All four have also at times made statements indicating they think their preferred research roadmap to AGI can be executed on a relatively short timescale, although with some important caveats from the three other than Chollet. (Chollet might have given a caveat somewhere that I missed. I think he's said the least on this topic overall or I've missed what he's said.) I already described Chollet's thoughts on this. As for the others:
So, Chollet, LeCun, Hawkins, and Sutton all think LLMs are insufficient to get to AGI. They all argue that AGI requires fundamentally different ideas than what the mainstream of AI research is focusing on — and they advocate for four completely different ideas.[1] And all four of them are optimistic that their preferred research roadmap has a realistic chance of getting to AGI within a relatively short time horizon. Isn't that interesting?
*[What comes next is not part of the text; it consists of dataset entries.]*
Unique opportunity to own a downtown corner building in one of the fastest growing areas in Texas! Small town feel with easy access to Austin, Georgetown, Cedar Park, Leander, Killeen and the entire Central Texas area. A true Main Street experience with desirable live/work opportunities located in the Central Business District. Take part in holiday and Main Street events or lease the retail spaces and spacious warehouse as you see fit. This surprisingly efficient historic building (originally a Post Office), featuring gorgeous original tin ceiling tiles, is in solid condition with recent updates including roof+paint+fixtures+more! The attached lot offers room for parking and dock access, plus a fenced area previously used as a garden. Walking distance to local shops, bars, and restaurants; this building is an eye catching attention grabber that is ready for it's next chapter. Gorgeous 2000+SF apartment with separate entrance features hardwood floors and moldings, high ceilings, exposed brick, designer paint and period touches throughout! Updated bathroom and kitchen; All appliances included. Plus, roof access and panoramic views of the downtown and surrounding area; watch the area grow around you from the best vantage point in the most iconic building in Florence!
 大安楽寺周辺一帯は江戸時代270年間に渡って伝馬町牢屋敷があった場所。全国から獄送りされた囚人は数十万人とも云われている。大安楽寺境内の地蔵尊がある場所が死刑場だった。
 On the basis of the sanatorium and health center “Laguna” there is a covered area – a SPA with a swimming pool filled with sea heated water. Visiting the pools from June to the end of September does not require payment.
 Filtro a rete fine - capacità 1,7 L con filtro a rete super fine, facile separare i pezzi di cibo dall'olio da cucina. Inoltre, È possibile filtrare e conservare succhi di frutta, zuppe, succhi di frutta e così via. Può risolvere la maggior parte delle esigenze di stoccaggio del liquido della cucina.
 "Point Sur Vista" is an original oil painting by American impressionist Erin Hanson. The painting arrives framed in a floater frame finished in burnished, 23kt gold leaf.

Either three out of four of them have to be wrong about the key insights needed to unlock AGI or all four them have to be wrong. (I guess the solution to AGI could also turn out to be some combination of their ideas, in which case they would be partially right and partially wrong in some combination.) It's interesting that all four independently, simultaneously think their respective roadmaps are viable on a roughly similar timescale when a) it would be hard to imagine a strong theoretical or intellectual reason to support the idea that we will figure out the solution to AGI soon, regardless of what the solution actually is (e.g. whether it requires simulating cortical columns or using non-deep learning AI methods or using novel deep learning methods) and b) there are psychological reasons to believe such things, like the appeal of having an ambitious but achievable goal on a timescale that's motivating.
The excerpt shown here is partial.